I have a 'collections.defaultdict' (see x below) that is a multi-valued dictionary. All values associated with each unique key are stored in a list.
>>>x
defaultdict(<type 'list'>, {'a': ['aa', 'ab', 'ac'], 'b': ['ba', 'bc'], 'c': ['ca', 'cb', 'cc', 'cd']})
I want to use the Python fuzzywuzzy package in order to search a target string against all the values nested in the multi-valued dictionary and return the top 5 matches based on fuzzywuzzy's built-in edit distance formula.
from fuzzywuzzy import fuzz
from fuzzywuzzy import process
query = 'bc'
choices = x
result = process.extract(query, choices, limit=5)
And then I will run a process that takes the closest match (value with highest fuzz ratio score) and identifies which key that closest matched value is associated with. In this example, the closest matched value is of course 'bc' and the associated key is 'b'.
My question is: How do I run the fuzzywuzzy query against all of the values within the nested lists of the dictionary?
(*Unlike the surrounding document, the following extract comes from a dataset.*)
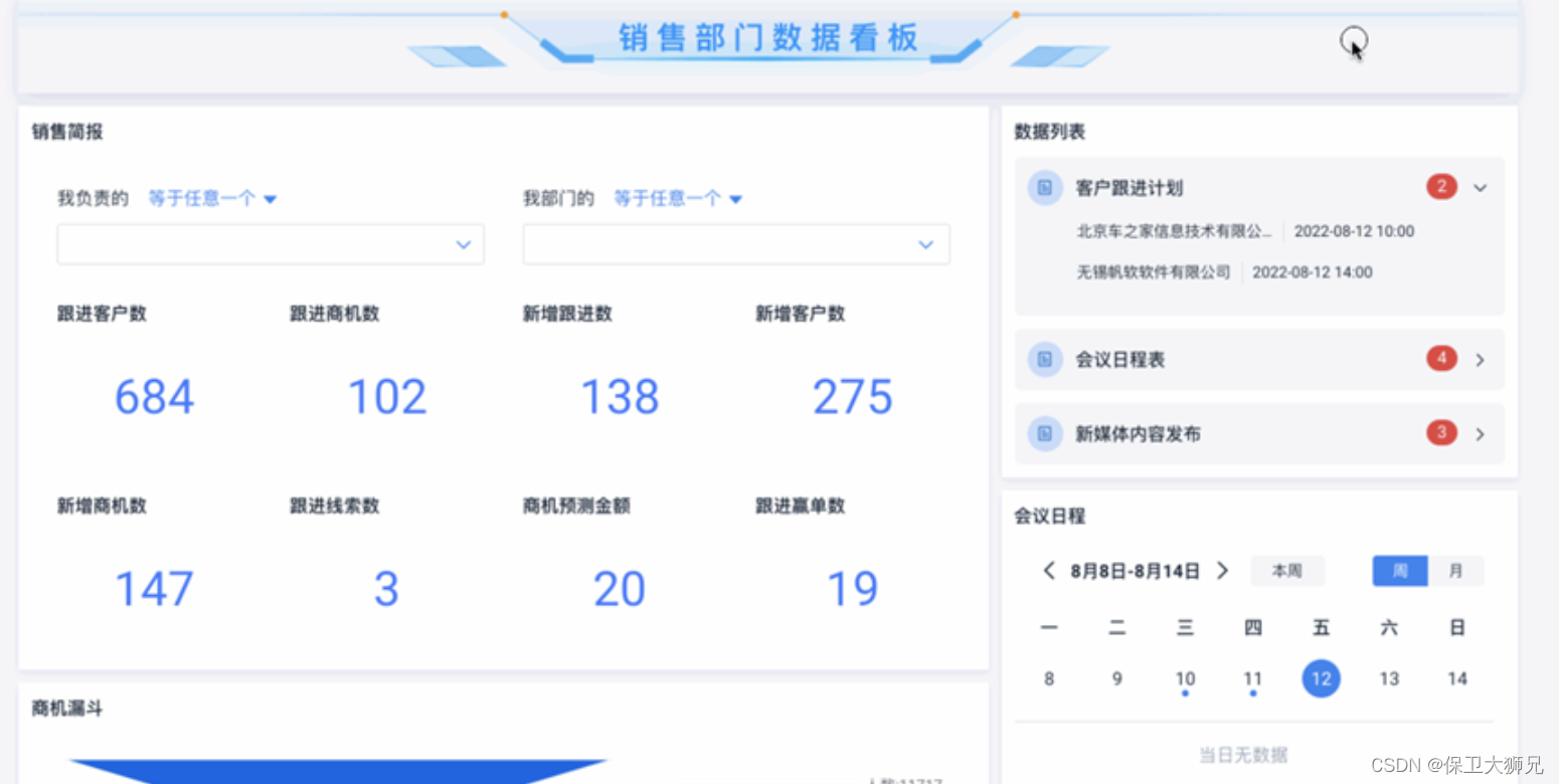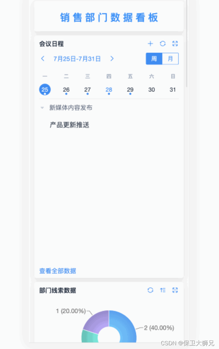 数据看板主要是为了呈现公司当前项目运营管理的相关数据和图表;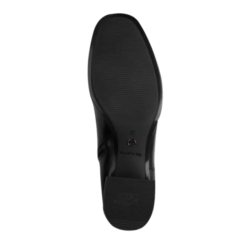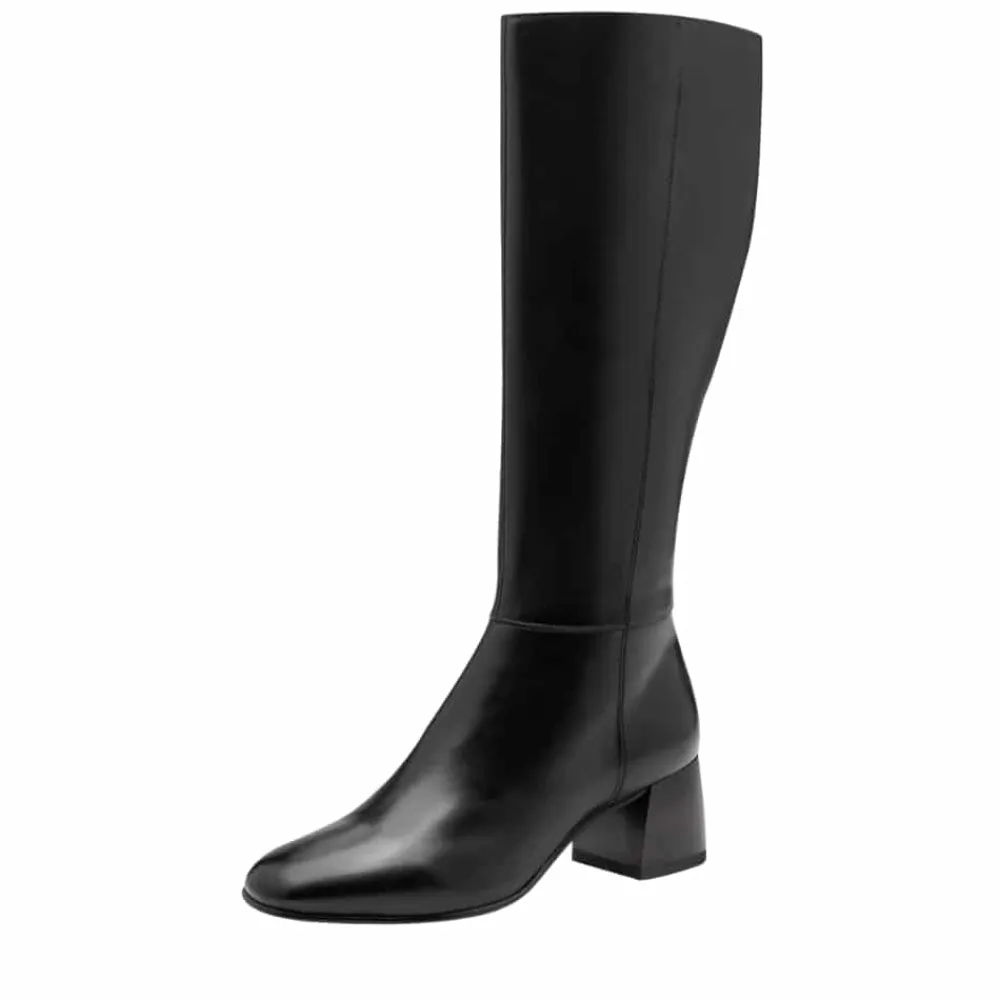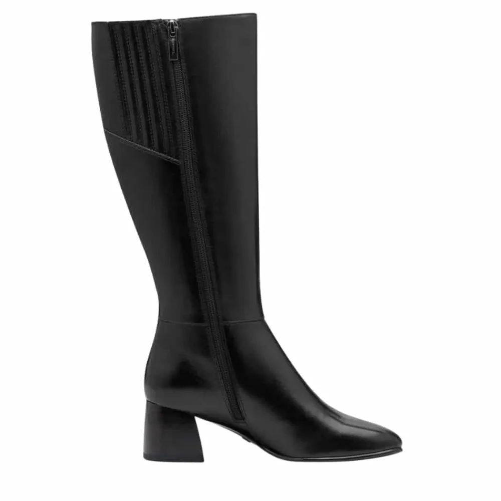 Tamaris lang støvle til dame i sort. Denne klassiske sorte støvle med langt skaft kombinerer enkelthed med et moderne udtryk. Overdelen er fremstillet i blødt skind og den funktionelle lynlås på indersiden samt elastikken sikrer en fleksibel pasform og gør støvlen let at tage af og på. Indvendigt er den udstyret med en blød indersål med Touch It teknologi, som former sig efter foden. Blokhælen på ca 6 cm er designet med Anti Slide og Anti Shock, der giver øget komfort og skridsikkerhed.

When I run the fuzzywuzzy process above, I get a TypeError: expected string or buffer.
To get all the values in the lists from your dictionary in a flat list, use
from itertools import chain
and change the line
choices = x
to
choices = chain.from_iterable(x.values())
Consider making a set
out of that if in your real data you have overlapping values.
result:
[('bc', 100), ('ba', 50), ('ca', 50), ('cb', 50), ('cc', 50)]